Kid-ing with Kayla: Our last names don’t match but our hearts do!
Kid-ing with Kayla: A name doesn’t define a family
Kid-ing with Kayla: My last name will never be the same as my son’s. That sentence still stings to say but a viral video on this topic has helped me heal.
At one o’clock in the morning, I was last-minute writing Christmas cards to my son’s teachers when I started to cry. After nearly five years, I’m still embarrassed to sign my name because it’s different from my son’s. “This is so weird,” I said to myself. “Why can’t I get over this grief of something that seems so minor?” So, I took to Instagram story to see if anyone had coping suggestions. I don’t normally post my personal emotions unless I think it will make someone laugh. However, I’m so glad I did. So many people responded and even told me it made them feel better to see I am also struggling with the reality that my name doesn’t match my son’s. What’s worse? My fear that my son will struggle with it too.

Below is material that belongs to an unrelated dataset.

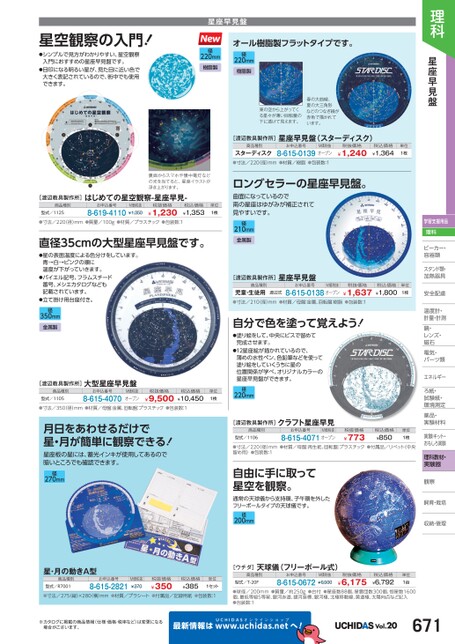 理科星座早見盤学習支援用品理科ビーカー・ビーカー・容器類器スタンド類・加熱器具熱安全配慮全温度計・度・計量・計測鏡・鏡・レンズ・レンズ・磁石石電気・電気・パーツ類パーツ類エネルギーエネルギーろ紙・ろ紙・試験紙・験・環境測定境薬品・薬品・実験材料験実験キット・おもしろ実験理科教材・実験器観察察飼育・栽培飼育・栽培収納・管理●寸法/350(径)mm●材質/母盤:金属、回転盤:プラスチック●包装数:1月日をあわせるだけで星・月が簡単に観察できる!星座板の星には、蓄光インキが使用してあるので暗いところでも確認できます。径270mm星・月の動きA型商品種別型式/R7001お申込番号8-615-2821M価税抜¥370税抜価格¥350税込価格¥385単位1セット●寸法/275(縦)×280(横)mm●材質/プラシート●付属品/記録用紙●包装数:1[渡辺教具製作所]クラフト星座早見商品種別型式/1106お申込番号M価税抜8-615-4071オープン税抜価格¥773税込価格¥850単位1枚●寸法/220(径)mm●材質/母盤:再生紙、回転盤:プラスチック●付属品/リベット(中央留め用)●包装数:1自由に手に取って星空を観察。通常の天球儀から支持環、子午環を外したフリーボールタイプの天球儀です。径200mm[ウチダ]天球儀(フリーボール式)商品種別型式/T-20Fお申込番号8-615-0672M価税抜¥6,500税抜価格¥6,175税込価格¥6,792単位1台●球径/200mm●質量/約250g●台付●星座数88個、星雲団数300個、恒星数1600個、最低等級5等星、銀河赤道、銀河座標、銀河極、北極移動線、黄道極、太陽向点など記入●包装数:1※カタログに掲載の商品情報(仕様・価格・税率など)は変更になる場合がございます。最新情報はUCHIDASww.uchidas.netwへ!Vol.20671星空観察の入門!●シンプルで見方がわかりやすい、星空観察入門におすすめの星座早見盤です。●目印になる明るい星が、見た目に近い色で大きく表記されているので、街中でも使用できます。星座早見盤径220mm樹脂製オール樹脂製フラットタイプです。径220mm樹脂製東の空から上がってくる星々が薄い回転盤の下に透けて見えます。春の大曲線、夏の大三角形などのつなぎ線が赤色で描かれています。裏面からスマホや懐中電灯などの光を当てると、星座イラストが浮き上がります。[渡辺教具製作所]はじめての星空観察-星座早見-商品種別型式/1125お申込番号8-619-4110M価税抜¥1,350税抜価格¥1,230税込価格¥1,353単位1枚●寸法/220(径)mm●質量/100g●材質/プラスチック●包装数:1直径35cmの大型星座早見盤です。●星の表面温度による色分けをしています。青→白→ピンクの順に温度が下がっていきます。●バイエル記号、フラムスチード番号、メシエカタログなども記載されています。●立て掛け用台座付き。径350mm金属製[渡辺教具製作所]大型星座早見盤商品種別型式/1105お申込番号8-615-4070M価税抜オープン税抜価格¥9,500税込価格¥10,450単位1枚径220mm[渡辺教具製作所]星座早見盤(スターディスク)商品種別お申込番号M価税抜スターディスク●寸法/220(径)mm●材質/樹脂●包装数:18-615-0139オープン税抜価格¥1,240税込価格¥1,364単位1枚ロングセラーの星座早見盤。曲面になっているので南の星座はゆがみが補正されて見やすいです。径210mm金属製[渡辺教具製作所]星座早見盤商品種別お申込番号M価税抜税抜価格児童・生徒用●寸法/210(径)mm●材質/母盤:金属、回転盤:樹脂●包装数:18-615-0138オープン¥1,637渡辺式税込価格¥1,800単位1枚自分で色を塗って覚えよう!●塗り絵をして、中央にビスで留めて完成させます。●12星座絵が描かれているので、薄めの水性ペン、色鉛筆などを使って塗り絵をしていくうちに星の位置関係が学べ、オリジナルカラーの星座早見盤ができます。

I am now engaged to be married and my future husband has a son with his last name. That means my son will be the only one with a different name in the household if I decide to take his name. I considered keeping my maiden name so it wouldn’t match any of the children in the home but once I read the thousands of comments on my post, I decided I am going to focus on the feeling of family instead of the name.
So many people explained how as long as you treat someone as if they are equally loved and part of the family, the names don’t matter. My favorite comment was, “it’s not the name that binds a family, it’s the love.” Therefore, I plan to not focus on the last name. We will not have any signs with last names or rugs and we will sign our Christmas cards with our first names.